[Opening DATA TO PROCESS section]
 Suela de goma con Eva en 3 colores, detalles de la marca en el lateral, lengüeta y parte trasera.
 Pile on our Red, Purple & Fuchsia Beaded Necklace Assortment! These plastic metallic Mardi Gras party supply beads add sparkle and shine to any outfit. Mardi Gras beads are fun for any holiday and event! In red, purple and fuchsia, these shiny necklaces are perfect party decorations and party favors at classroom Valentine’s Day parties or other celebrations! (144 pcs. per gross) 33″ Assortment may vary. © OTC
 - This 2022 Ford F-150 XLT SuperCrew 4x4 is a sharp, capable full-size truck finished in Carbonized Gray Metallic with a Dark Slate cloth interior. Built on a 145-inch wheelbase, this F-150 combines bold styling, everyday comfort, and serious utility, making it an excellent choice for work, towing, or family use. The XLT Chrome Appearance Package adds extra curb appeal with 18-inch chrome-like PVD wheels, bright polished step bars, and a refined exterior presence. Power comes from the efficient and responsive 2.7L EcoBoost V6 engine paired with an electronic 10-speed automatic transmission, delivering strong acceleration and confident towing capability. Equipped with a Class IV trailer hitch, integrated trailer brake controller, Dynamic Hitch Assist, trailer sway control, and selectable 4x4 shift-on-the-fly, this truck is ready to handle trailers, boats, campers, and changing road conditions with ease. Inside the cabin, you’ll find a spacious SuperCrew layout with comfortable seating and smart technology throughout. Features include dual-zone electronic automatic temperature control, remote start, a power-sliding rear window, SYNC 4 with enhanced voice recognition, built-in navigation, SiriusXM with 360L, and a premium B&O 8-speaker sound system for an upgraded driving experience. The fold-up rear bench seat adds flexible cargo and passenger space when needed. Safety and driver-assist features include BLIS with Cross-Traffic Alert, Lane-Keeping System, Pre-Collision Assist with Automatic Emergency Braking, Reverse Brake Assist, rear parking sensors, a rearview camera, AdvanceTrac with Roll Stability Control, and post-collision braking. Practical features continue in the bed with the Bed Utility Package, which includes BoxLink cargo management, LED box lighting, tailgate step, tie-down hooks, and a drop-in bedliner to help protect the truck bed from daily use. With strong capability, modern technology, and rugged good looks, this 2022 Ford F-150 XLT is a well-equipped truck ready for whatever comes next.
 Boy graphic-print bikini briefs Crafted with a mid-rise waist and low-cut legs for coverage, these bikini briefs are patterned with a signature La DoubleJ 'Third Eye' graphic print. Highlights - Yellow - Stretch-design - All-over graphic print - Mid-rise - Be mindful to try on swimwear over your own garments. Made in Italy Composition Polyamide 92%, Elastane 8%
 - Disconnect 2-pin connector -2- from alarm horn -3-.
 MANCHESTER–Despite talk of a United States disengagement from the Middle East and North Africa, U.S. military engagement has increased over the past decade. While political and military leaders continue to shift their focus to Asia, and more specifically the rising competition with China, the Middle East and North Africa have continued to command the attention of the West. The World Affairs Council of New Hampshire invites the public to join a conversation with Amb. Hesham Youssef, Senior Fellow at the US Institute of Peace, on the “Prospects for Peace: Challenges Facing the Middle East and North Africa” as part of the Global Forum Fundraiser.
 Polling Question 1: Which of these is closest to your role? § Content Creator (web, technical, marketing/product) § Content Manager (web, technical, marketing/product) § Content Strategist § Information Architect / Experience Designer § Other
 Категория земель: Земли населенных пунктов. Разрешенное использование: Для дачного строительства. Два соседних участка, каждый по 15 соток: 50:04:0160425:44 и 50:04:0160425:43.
[Closing DATA TO PROCESS section]
[Opening DATA TO PROCESS section]
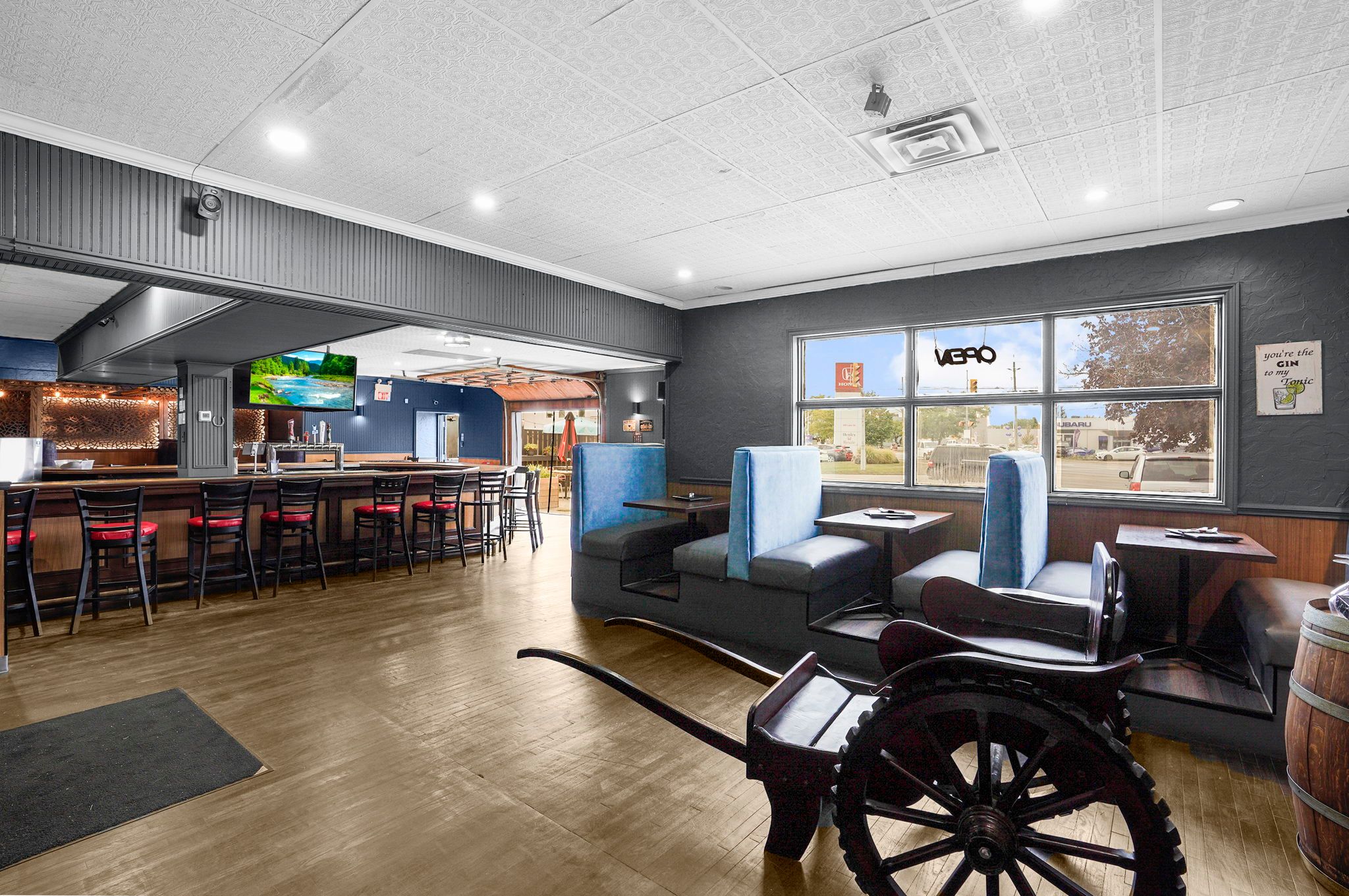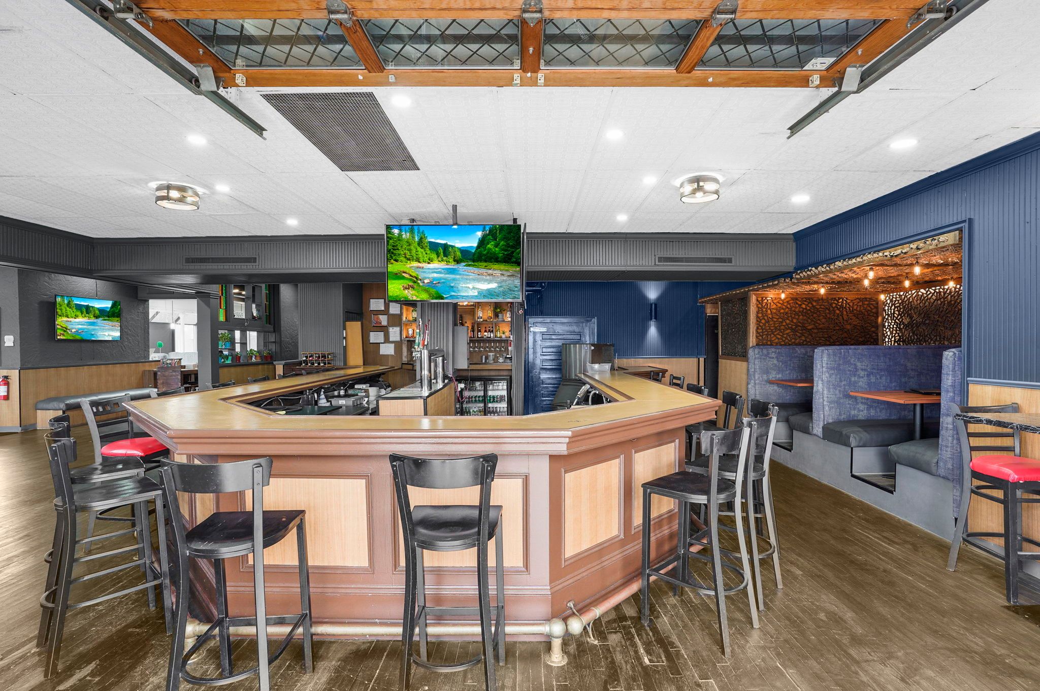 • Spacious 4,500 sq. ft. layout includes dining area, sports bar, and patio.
[Closing DATA TO PROCESS section]
Reproduce exactly the lines above from the line with "Suela de goma" to the line with "Pile on our", including both, and add nothing.

 Suela de goma con Eva en 3 colores, detalles de la marca en el lateral, lengüeta y parte trasera.
 Pile on our Red, Purple & Fuchsia Beaded Necklace Assortment! These plastic metallic Mardi Gras party supply beads add sparkle and shine to any outfit. Mardi Gras beads are fun for any holiday and event! In red, purple and fuchsia, these shiny necklaces are perfect party decorations and party favors at classroom Valentine’s Day parties or other celebrations! (144 pcs. per gross) 33″ Assortment may vary. © OTC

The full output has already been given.